Official title: Combination of Visuo-proprioceptive Virtual Walking and Neuromodulation to Reduce Neuropathic Pain in Individuals With Spinal Cord Injury
Key Details
Gender
All
Age Range
18 Years - Any
Study Type
INTERVENTIONAL
Enrollment
10
Start Date
2025-12-01
Completion Date
2027-09
Last Updated
2025-11-28
Healthy Volunteers
No
Conditions
Interventions
Transcranial Direct Current Stimulation (tDCS) combined with virtual reality and muscle vibration
tDCS will be delivered over the primary motor cortex (M1) to maximize the analgesic effect. The cathode will be positioned over the suborbital region, and the anode over M1 (position C3 or C4 of the international 10-20 system).
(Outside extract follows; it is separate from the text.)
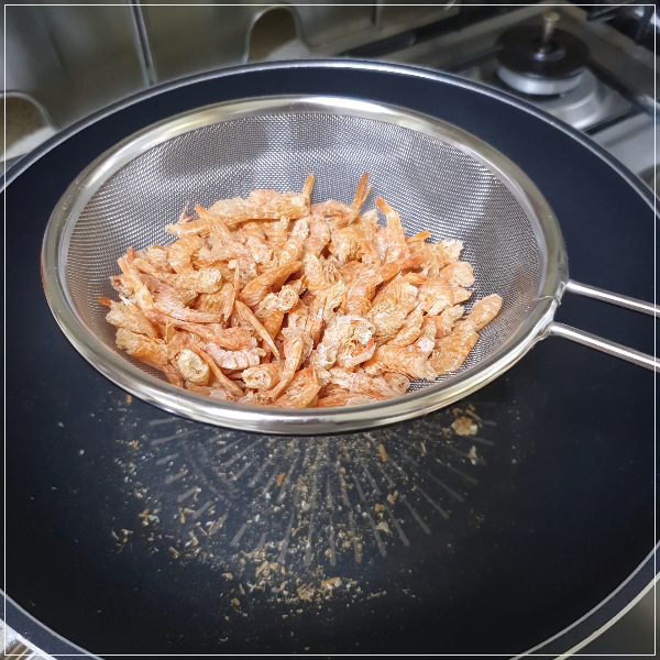 2. 준비한 건새우는 마른 팬위에서 바삭하게 수분을 날려서 나오는 가루를 채반에서 탈탈 털어준다.

A 2 mA direct current will be applied. Participants will observe, through virtual reality goggles (HTC Vive), an avatar walking from a first-person perspective, synchronized with the vibration pattern. Twelve vibrators will be placed transversely and bilaterally over the tendons of the main flexors and extensors of the lower limbs. The pattern used to trigger the vibrators is based on the natural sequence of gait movement. Muscle vibration induces a perception of movement in the direction of muscle elongation. The target frequency of the vibrators will be 80 Hz. The session will begin with 5 minutes of tDCS alone, and then for the last 15minutes the investigators will combine tDCS, virtual reality and muscle vibration.